What needs to be done:
All of the data must be returned word for word.

─── Data records

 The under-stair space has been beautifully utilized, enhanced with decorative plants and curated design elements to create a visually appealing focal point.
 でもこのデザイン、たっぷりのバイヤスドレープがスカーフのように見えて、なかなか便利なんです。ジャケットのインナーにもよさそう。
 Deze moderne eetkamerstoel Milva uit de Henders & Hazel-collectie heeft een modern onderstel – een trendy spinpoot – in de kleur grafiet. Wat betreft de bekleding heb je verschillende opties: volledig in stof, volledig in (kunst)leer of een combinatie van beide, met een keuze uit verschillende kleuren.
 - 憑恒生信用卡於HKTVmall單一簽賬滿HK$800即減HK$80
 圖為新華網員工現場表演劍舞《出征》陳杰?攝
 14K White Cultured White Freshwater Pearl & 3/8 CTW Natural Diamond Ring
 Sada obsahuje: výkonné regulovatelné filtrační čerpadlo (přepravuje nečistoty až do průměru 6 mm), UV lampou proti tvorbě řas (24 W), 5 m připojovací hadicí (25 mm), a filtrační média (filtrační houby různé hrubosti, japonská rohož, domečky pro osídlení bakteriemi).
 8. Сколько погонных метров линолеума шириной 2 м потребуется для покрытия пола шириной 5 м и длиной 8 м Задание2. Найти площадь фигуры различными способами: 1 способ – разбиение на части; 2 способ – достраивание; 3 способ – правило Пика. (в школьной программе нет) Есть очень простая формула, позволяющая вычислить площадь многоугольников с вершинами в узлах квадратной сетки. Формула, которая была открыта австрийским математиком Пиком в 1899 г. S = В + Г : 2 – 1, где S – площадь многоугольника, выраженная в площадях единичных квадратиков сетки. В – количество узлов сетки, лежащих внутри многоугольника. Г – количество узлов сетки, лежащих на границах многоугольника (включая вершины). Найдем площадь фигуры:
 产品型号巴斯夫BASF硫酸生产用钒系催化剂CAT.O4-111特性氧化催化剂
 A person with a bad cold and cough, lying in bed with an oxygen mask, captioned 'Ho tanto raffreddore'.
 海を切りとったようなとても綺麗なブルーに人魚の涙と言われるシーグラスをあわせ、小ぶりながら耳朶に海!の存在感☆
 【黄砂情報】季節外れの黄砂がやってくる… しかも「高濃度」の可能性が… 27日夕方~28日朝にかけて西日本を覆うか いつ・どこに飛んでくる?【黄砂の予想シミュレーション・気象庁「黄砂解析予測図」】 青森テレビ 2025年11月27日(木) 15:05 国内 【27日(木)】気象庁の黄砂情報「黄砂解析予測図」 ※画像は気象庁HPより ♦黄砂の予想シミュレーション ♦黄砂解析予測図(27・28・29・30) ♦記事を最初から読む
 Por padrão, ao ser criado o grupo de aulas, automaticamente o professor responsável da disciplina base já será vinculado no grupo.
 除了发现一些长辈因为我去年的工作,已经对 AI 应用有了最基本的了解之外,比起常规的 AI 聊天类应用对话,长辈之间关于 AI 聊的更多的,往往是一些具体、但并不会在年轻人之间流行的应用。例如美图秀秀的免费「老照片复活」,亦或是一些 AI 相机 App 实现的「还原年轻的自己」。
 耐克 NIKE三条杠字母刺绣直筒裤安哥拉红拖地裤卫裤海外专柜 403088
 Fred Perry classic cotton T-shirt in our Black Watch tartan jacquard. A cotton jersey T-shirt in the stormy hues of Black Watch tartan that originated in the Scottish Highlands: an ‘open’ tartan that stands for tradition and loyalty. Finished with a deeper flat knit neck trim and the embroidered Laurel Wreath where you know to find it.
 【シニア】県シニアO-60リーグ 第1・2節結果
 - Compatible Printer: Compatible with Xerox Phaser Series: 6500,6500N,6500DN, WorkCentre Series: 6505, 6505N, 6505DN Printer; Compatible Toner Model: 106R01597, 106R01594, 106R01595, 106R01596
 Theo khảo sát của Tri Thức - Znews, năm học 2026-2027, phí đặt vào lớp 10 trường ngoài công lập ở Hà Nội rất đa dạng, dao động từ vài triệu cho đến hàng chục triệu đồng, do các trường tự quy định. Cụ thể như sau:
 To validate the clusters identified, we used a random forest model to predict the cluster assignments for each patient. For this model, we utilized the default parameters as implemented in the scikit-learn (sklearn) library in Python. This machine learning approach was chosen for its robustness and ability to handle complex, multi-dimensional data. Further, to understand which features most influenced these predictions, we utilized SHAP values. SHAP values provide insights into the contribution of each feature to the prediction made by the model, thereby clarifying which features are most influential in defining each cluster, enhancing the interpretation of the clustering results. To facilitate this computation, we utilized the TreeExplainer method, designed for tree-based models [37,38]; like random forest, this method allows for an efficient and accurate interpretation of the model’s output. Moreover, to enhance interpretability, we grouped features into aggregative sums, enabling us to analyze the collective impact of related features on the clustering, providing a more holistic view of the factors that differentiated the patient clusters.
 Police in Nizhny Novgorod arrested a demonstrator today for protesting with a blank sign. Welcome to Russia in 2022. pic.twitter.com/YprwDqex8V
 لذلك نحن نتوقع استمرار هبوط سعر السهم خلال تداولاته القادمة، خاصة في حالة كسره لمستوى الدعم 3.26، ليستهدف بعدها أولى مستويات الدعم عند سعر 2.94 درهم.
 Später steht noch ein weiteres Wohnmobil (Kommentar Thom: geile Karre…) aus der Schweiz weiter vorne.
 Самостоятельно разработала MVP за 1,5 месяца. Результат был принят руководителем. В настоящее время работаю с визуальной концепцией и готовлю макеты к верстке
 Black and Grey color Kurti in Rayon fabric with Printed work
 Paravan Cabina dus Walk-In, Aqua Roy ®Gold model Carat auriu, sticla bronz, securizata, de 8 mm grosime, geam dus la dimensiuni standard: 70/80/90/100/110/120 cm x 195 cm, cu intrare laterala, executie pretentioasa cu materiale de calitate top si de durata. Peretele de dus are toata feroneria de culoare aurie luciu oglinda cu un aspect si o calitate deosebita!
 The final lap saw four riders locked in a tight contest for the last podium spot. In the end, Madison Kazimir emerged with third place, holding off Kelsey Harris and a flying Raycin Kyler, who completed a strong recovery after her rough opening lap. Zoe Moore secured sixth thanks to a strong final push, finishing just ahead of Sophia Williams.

──────

Reply to the task:
 The under-stair space has been beautifully utilized, enhanced with decorative plants and curated design elements to create a visually appealing focal point.
 でもこのデザイン、たっぷりのバイヤスドレープがスカーフのように見えて、なかなか便利なんです。ジャケットのインナーにもよさそう。
 Deze moderne eetkamerstoel Milva uit de Henders & Hazel-collectie heeft een modern onderstel – een trendy spinpoot – in de kleur grafiet. Wat betreft de bekleding heb je verschillende opties: volledig in stof, volledig in (kunst)leer of een combinatie van beide, met een keuze uit verschillende kleuren.
 - 憑恒生信用卡於HKTVmall單一簽賬滿HK$800即減HK$80
 圖為新華網員工現場表演劍舞《出征》陳杰?攝
 14K White Cultured White Freshwater Pearl & 3/8 CTW Natural Diamond Ring
 Sada obsahuje: výkonné regulovatelné filtrační čerpadlo (přepravuje nečistoty až do průměru 6 mm), UV lampou proti tvorbě řas (24 W), 5 m připojovací hadicí (25 mm), a filtrační média (filtrační houby různé hrubosti, japonská rohož, domečky pro osídlení bakteriemi).
 8. Сколько погонных метров линолеума шириной 2 м потребуется для покрытия пола шириной 5 м и длиной 8 м Задание2. Найти площадь фигуры различными способами: 1 способ – разбиение на части; 2 способ – достраивание; 3 способ – правило Пика. (в школьной программе нет) Есть очень простая формула, позволяющая вычислить площадь многоугольников с вершинами в узлах квадратной сетки. Формула, которая была открыта австрийским математиком Пиком в 1899 г. S = В + Г : 2 – 1, где S – площадь многоугольника, выраженная в площадях единичных квадратиков сетки. В – количество узлов сетки, лежащих внутри многоугольника. Г – количество узлов сетки, лежащих на границах многоугольника (включая вершины). Найдем площадь фигуры:
 产品型号巴斯夫BASF硫酸生产用钒系催化剂CAT.O4-111特性氧化催化剂
 A person with a bad cold and cough, lying in bed with an oxygen mask, captioned 'Ho tanto raffreddore'.
 海を切りとったようなとても綺麗なブルーに人魚の涙と言われるシーグラスをあわせ、小ぶりながら耳朶に海!の存在感☆
 【黄砂情報】季節外れの黄砂がやってくる… しかも「高濃度」の可能性が… 27日夕方~28日朝にかけて西日本を覆うか いつ・どこに飛んでくる?【黄砂の予想シミュレーション・気象庁「黄砂解析予測図」】 青森テレビ 2025年11月27日(木) 15:05 国内 【27日(木)】気象庁の黄砂情報「黄砂解析予測図」 ※画像は気象庁HPより ♦黄砂の予想シミュレーション ♦黄砂解析予測図(27・28・29・30) ♦記事を最初から読む
 Por padrão, ao ser criado o grupo de aulas, automaticamente o professor responsável da disciplina base já será vinculado no grupo.
 除了发现一些长辈因为我去年的工作,已经对 AI 应用有了最基本的了解之外,比起常规的 AI 聊天类应用对话,长辈之间关于 AI 聊的更多的,往往是一些具体、但并不会在年轻人之间流行的应用。例如美图秀秀的免费「老照片复活」,亦或是一些 AI 相机 App 实现的「还原年轻的自己」。
 耐克 NIKE三条杠字母刺绣直筒裤安哥拉红拖地裤卫裤海外专柜 403088
 Fred Perry classic cotton T-shirt in our Black Watch tartan jacquard. A cotton jersey T-shirt in the stormy hues of Black Watch tartan that originated in the Scottish Highlands: an ‘open’ tartan that stands for tradition and loyalty. Finished with a deeper flat knit neck trim and the embroidered Laurel Wreath where you know to find it.
 【シニア】県シニアO-60リーグ 第1・2節結果
 - Compatible Printer: Compatible with Xerox Phaser Series: 6500,6500N,6500DN, WorkCentre Series: 6505, 6505N, 6505DN Printer; Compatible Toner Model: 106R01597, 106R01594, 106R01595, 106R01596
 Theo khảo sát của Tri Thức - Znews, năm học 2026-2027, phí đặt vào lớp 10 trường ngoài công lập ở Hà Nội rất đa dạng, dao động từ vài triệu cho đến hàng chục triệu đồng, do các trường tự quy định. Cụ thể như sau:
 To validate the clusters identified, we used a random forest model to predict the cluster assignments for each patient. For this model, we utilized the default parameters as implemented in the scikit-learn (sklearn) library in Python. This machine learning approach was chosen for its robustness and ability to handle complex, multi-dimensional data. Further, to understand which features most influenced these predictions, we utilized SHAP values. SHAP values provide insights into the contribution of each feature to the prediction made by the model, thereby clarifying which features are most influential in defining each cluster, enhancing the interpretation of the clustering results. To facilitate this computation, we utilized the TreeExplainer method, designed for tree-based models [37,38]; like random forest, this method allows for an efficient and accurate interpretation of the model’s output. Moreover, to enhance interpretability, we grouped features into aggregative sums, enabling us to analyze the collective impact of related features on the clustering, providing a more holistic view of the factors that differentiated the patient clusters.
 Police in Nizhny Novgorod arrested a demonstrator today for protesting with a blank sign. Welcome to Russia in 2022. pic.twitter.com/YprwDqex8V
 لذلك نحن نتوقع استمرار هبوط سعر السهم خلال تداولاته القادمة، خاصة في حالة كسره لمستوى الدعم 3.26، ليستهدف بعدها أولى مستويات الدعم عند سعر 2.94 درهم.
 Später steht noch ein weiteres Wohnmobil (Kommentar Thom: geile Karre…) aus der Schweiz weiter vorne.
 Самостоятельно разработала MVP за 1,5 месяца. Результат был принят руководителем. В настоящее время работаю с визуальной концепцией и готовлю макеты к верстке
 Black and Grey color Kurti in Rayon fabric with Printed work
 Paravan Cabina dus Walk-In, Aqua Roy ®Gold model Carat auriu, sticla bronz, securizata, de 8 mm grosime, geam dus la dimensiuni standard: 70/80/90/100/110/120 cm x 195 cm, cu intrare laterala, executie pretentioasa cu materiale de calitate top si de durata. Peretele de dus are toata feroneria de culoare aurie luciu oglinda cu un aspect si o calitate deosebita!
 The final lap saw four riders locked in a tight contest for the last podium spot. In the end, Madison Kazimir emerged with third place, holding off Kelsey Harris and a flying Raycin Kyler, who completed a strong recovery after her rough opening lap. Zoe Moore secured sixth thanks to a strong final push, finishing just ahead of Sophia Williams.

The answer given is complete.